Plays / Drama Objavljeno: 2/26/2024

Euphoria

Euphoria

The play Euphoria, an authorial project by Ksenija Zec, brings to life the world of the so-called Generation Z through the acting technique of animals on stage. This generation of young people who have grown up with digital technology, considering it a way of life without which they cannot function. Their knowledge and life experience are almost exclusively derived from digital sources, and they interpret Andy Warhol's dictum "Everyone has the right to 15 minutes of fame" quite literally. In the play Euphoria, high school students get the opportunity to be momentarily famous by organizing and performing their graduation party, a moment in which they prove their maturity to parents and teachers, thus being initiated into adulthood. The play explores how young people identify themselves by recognizing skills, values, and influence that socially initiatory moments, such as graduation parties, offer, at least momentarily.

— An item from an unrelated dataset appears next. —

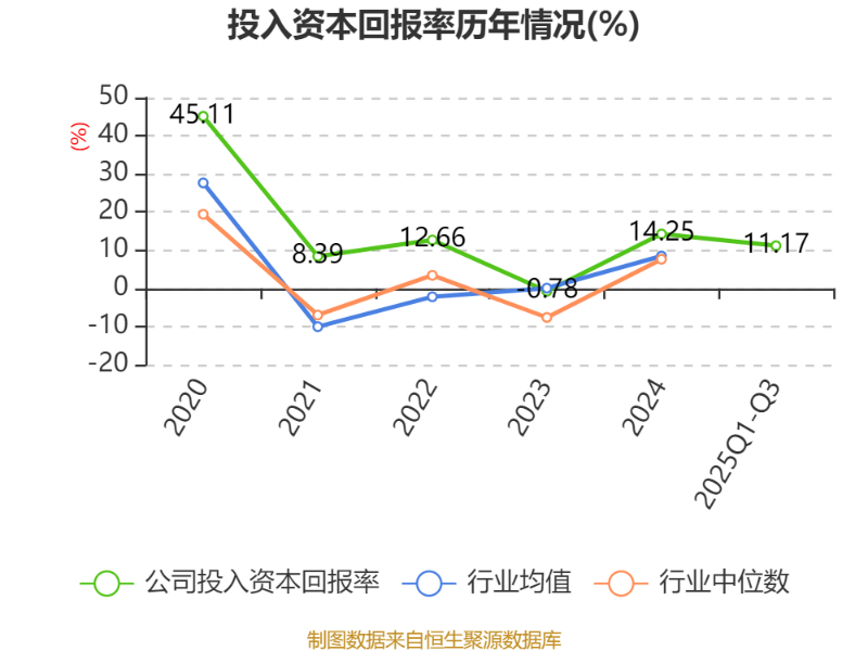 盈利能力方面, 2025年前三季度公司加权平均净资产收益率为19.26%,同比上升3.9个百分点。公司2025年前三季度投入资本回报率为11.17%,较上年同期上升2.43个百分点。

Journeying from realism to absurdity, Euphoria describes the everyday life of young people who have grown up in a world that promises eternal adolescence. Simultaneously, our globalized world is rapidly changing in ways no one could have imagined, with increasing wars, catastrophic climate changes, the coronavirus pandemic, and economic crises occurring at breakneck speed. Global chaos has become so pervasive that it dangerously suffocates the individual's inner universe. The social backdrop of our small generational psychodramas becomes increasingly bizarre. We all become those high school students, navigating a traumatizing path through a senseless society that even our best intentions struggle to save. However, in Euphoria, we can still laugh about it.

Euphoria seeks to decipher the moments of happiness and ecstasy we crave and at what cost we attain them. Based on exploring different aspects of the animal technique, the play creates a narrative that detects, transforms, and imagines theater as a space for play, dialogue, and social critique.

ANIMAL TECHNIQUE (NON-HUMANS)

The animal technique belongs to the so-called pre-genre techniques, and Ksenija Zec established its specific version at the Academy of Dramatic Art in Zagreb. This technique allows actors to shift their bodily center to achieve a rich range of different characters. The "animal technique" is common in the practices of many world drama and film schools, from the International Theatre School of Jacques Lecoq to the Theatre and Film Institute of Lee Strasberg. The animal technique serves the imagination and understanding of other and different bodies from one's own. Analyzing the behavior of animals and their role in human imagination is the foundation for creating characters. This technique is acquired through a system of exercises that enable the analysis and observation of natural phenomena. By continuously developing the technique and imagination and working on acting positions, situations, and relationships with partners or groups, more advanced and demanding elements are discovered and adopted, leading to the development of character masks or characters in reverse. The emphasis is placed on anatomical research into the possibilities of changing the body's architecture. In addition to working on the anatomical settings of the animal by moving into imaginary centers, actors begin to draw imagination from the instinctual world and sensory stimuli and delve into their unconscious and archetypes as ways of producing stage beings. This process creates a performance text, often resulting in the ensemble's co-authored expressions.